Overview
An introduction to Apollo and its distributed computing model
This page serves as an introduction to how the Apollo framework works under the hood.
The computation model that Apollo follows is the MapReduce model where a global computation is subdivided into two types of operations which are map operations and reduce operations. These operations are distributed on multiple kubernetes pods that perform their specific operations on the data chunks that are given to them as a responsibility.
In addition to following the MapReduce model, Apollo is kubernetes native which means that it is directly grafted on top of the k8s abstractions without any added configuration or any customization effort.
Architecture
The Apollo architecture is based on 5 core components that interact with each other in order to have a computation happen on the cluster:
Coordinator
The coordinator is the main component that the users and the other components interact with. It's goal is to coordinate/manage the different computation operations that happen while interfacing with the different kubernetes abstractions that are used such as pods, PVCs and services. It exposes an HTTP server that the users can interact with in order to start jobs (cf. Jobs & Tasks) and it also keeps track of all the binary executables that it gets sent in the form of artifacts that the workers execute.
The coordinator has the responsibility of creating the worker pods and assigning them tasks and in order to do that it makes use of a gRPC server side streaming communication where the coordinator plays the role of a client that keeps receiving data from the fleet of workers it communicates with.
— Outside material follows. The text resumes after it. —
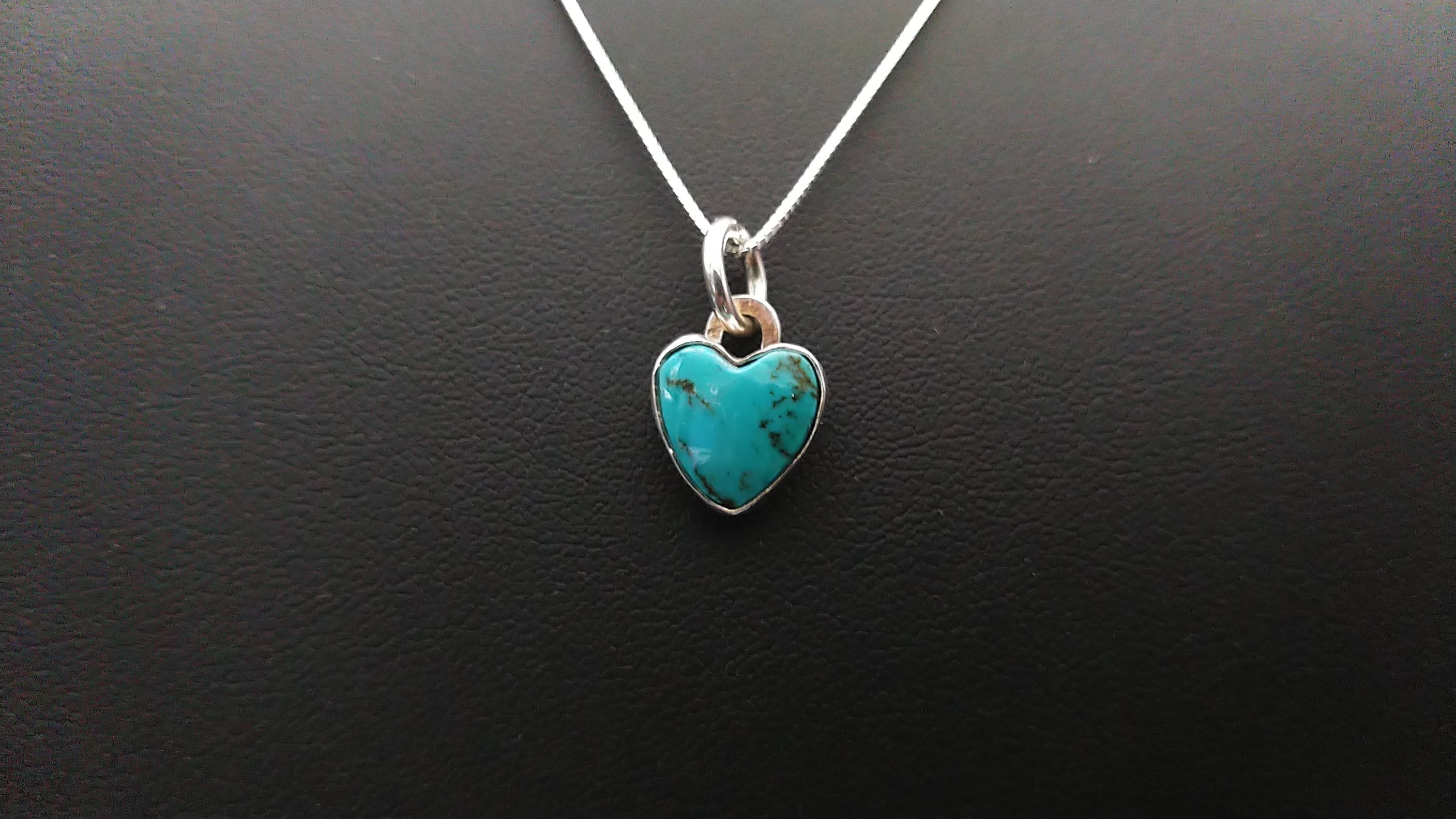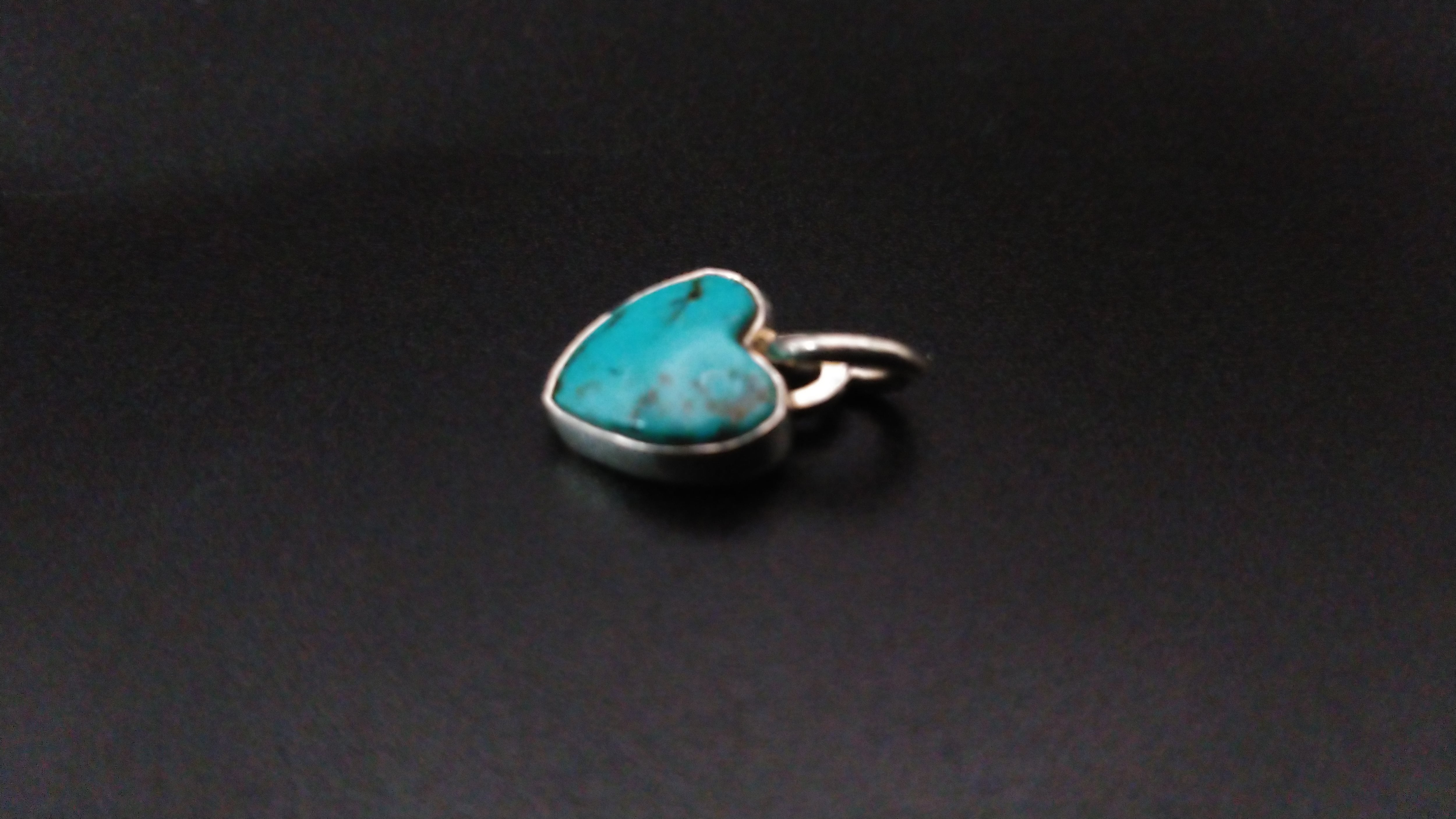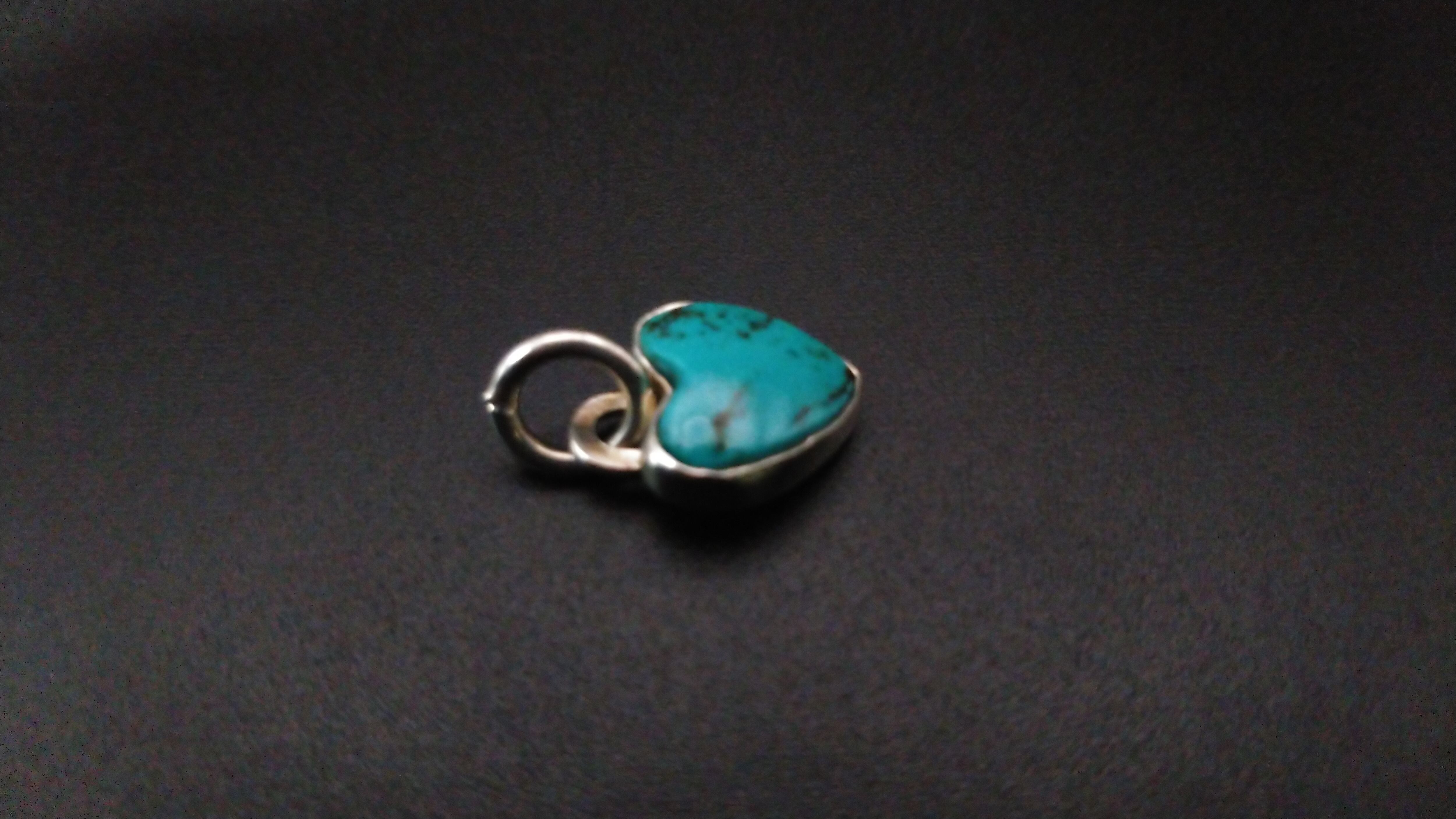 ナンバー8ターコイズを使用して作成した小さめのハート型ペンダントヘッドになります

In general the coordinator must be seen as the central brain of all the computations that happen in Apollo.
Worker
A worker plays the role of the component that works on atomic computation assigned to it. A worker can either be a mapper or a reducer. However, it is agnostic by nature because it takes the responsibility of an operation type till it receives it through the form of a gRPC request. Each worker exposes a gRPC server that interacts with the coordinator through a server side streaming communication. Workers use linux domain sockets internally to communicate with the executables received from the coordinator. In addition, they communicate with both an S3 object storage in order to fetch or write data (mappers fetch the data and reducers write it in this case) and a persistent volume to handle intermediate computation files.\
Intermediate computation files are the files that are created from a map computation. The reducers use them as an input.
Intermediate Files Persistent Volume
The intermediate files persistent volume is a volume that contains all of the intermediate files that computations generate. Every worker can read and write from it without exception.
Core Concepts
On this section, we will be exposing the different abstractions that apollo provides in order to perform a distributed map reduce computation.
Jobs
A job is the primary abstraction that users deal when wanting to perform a distributed computation. It gets subsivided into tasks which are bound to workers.
Tasks
A Task is bound to a job and is either a map or reduce task. Each task has also a 1 to 1 relationship to worker.
Artifacts
An artifact represents a binary executable of a program that gets executed by a task.